The best thing happened last night.

We were at Dad's for a family dinner, and turned up early due to the wonders of Melbourne public transport.

While we were all waiting for the food to cook, Dad exclaimed "Ooh, it's Lily time" and sat down on the couch.

Reader: this was the first time I have ever watched Letters & Numbers.

I realise that this admission puts my already shaky rep as a TV "expert" into question, but there's a reason for this. My stupid block of flats has no SBS reception. Indeed, the TV reception in general (even with a digital set-top box) is so bad I'm beginning to wonder if the aerial isn't actually the busted antenna from Bill & Ted, complete with globs of bubblegum and pudding cans.

As proof, I offer this spectacular passive aggressive note from the mail room:



Unfortunately I don't even get ghost imagining - I get nuffin'.

So, "Lily time" was the first time I'd ever managed to catch SBS' endearingly daft Letters & Numbers, and despite being a VERY late guest of this particular TV party, I am hooked.

I've written before about my love of low-key television (The New Inventors, The Collectors et al), and with ABC giving the boot to most of their daggiest shows, it falls to SBS to pick up the slack.

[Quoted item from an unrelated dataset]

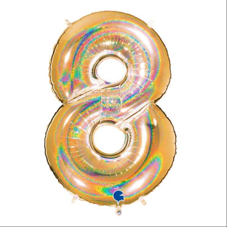 Фольгированный воздушный шар цифра 8 цвет голография. Размер:102см.

Having no prior concept of what the show's content or mood was like, I was convinced the whole thing was expert satire: from the toothy, dorky contestants to host Richard Morecroft's ultimate "TV guy" tone, to the grand prize (a dictionary!) to the set, the whole thing could have been dreamed up by Micallef and you wouldn't have blinked.

It is real, however, and bizarrely compelling.

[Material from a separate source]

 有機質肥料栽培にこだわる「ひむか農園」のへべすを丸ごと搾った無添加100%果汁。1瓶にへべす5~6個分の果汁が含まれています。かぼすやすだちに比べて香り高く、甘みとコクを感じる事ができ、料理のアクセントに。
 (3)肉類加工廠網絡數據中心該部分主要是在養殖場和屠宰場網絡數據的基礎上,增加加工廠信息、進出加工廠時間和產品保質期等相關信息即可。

Shamefully, I was never good at maths, and yet something about Richard and Lily had maths SPEWING from my mouth last night; it was like I'd turned into Russell Crowe in A Beautiful Mind. "Fifty times ten! Plus seventy-five! Minus six times two!!" I was barking, desperate to get it right so that Lily might smile on me through the magic of television.

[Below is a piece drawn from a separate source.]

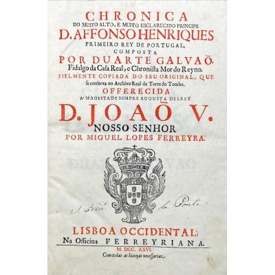 GALVÃO E RUI DE PINA, Duarte. - CHRONICA // DI MUITO ALTO, E MUITO ESCLARECIDO PRINCIPE // D. AFFONSO HENRIQUES // PRIMEIRO REY DE PORTUGAL, // COMPOSTA POR DUARTE GALVÃO. // LISBOA OCCIDENTAL, // Na Officina Ferreyriana. // M.DCC.XXVI. //... // In-4º de [24], 95, [1] págs. - Incluidas no mesmo volume -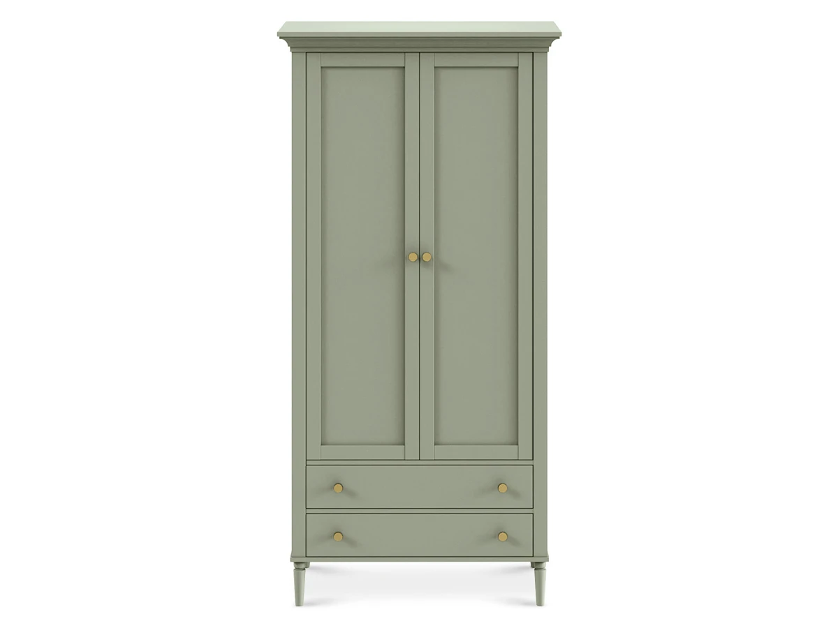 Коллекция Music — респектабельная мебель с классической основой. Обладает притягательной энергетикой изящных форм и безупречным исполнением. Комоды, тумбы, банкетки, консольные и журнальные столики подходят для оформления гостиной, спальни, прихожей, мастерской, студии, бьюти-зоны. Идеально вписывается в стилистику неоклассики, арт-деко, минимализма, эклектики. Лейтмотив коллекции — барочные элементы: фигурные ножки из массива дерева, каретная стяжка «капитоне», акцентные детали в бронзовом и золотистом цвете. Изделия подчеркнут в интерьере смелость, выразительность, спокойствие. Они надежно сохранят ваши секреты, помогут разложить вещи по местам и поддержат настроение «тихой роскоши». Могут выступать на контрасте с главенствующим светлым оттенком или быть частью ненавязчивого темного фона. Шкаф Blues с двумя распашным дверями и двумя выдвижными ящиками. В отделении за дверями располагается продольная штанга для хранения одежды на плечиках, над штангой полка. Выдвижные ящики расположены в нижней части шкафа. Фасады из МДФ толщиной 16 мм. Корпуса ящиков изготовлены из ЛДСтП толщиной 16 мм. Все детали шкафа, за исключением корпусов ящиков, выполнены из МДФ и окрашены полиуретановой эмалью. Шкаф установлен на точеные ножки высотой 160 мм. Материал ножек - берёза. На ножки наклеены войлочные подпятники. Задняя стенка шкафа из ДВП 3,2 мм. окрашена в цвет корпуса. Ручки включены в стоимость.

(I got one right; haha suck on that Mrs Mohandoss, you gave me a D+ for Maths, YOU WERE CLEARLY WRONG!!!!)

Of course now that I'm a card-carrying fan of the show, I have gone back over its more "entertaining" groups of letters...



...But despite these guffaw-snigger moments, the enduring beauty of a show like Letters & Numbers is how utterly, utterly daggy it is.

(I'd also like to big up Lily, a great TV role-model for young girls if ever I saw one: university smarts and a killer collection of frocks. And not afraid of a penisdump.)

Its complete lack of bells and whistles lulls you into a maths and spelling-inspired reverie. And as someone who used to have a near-phobic response to reciting the times tables, that's no small feat. Thank you, Letters & Numbers, for healing me.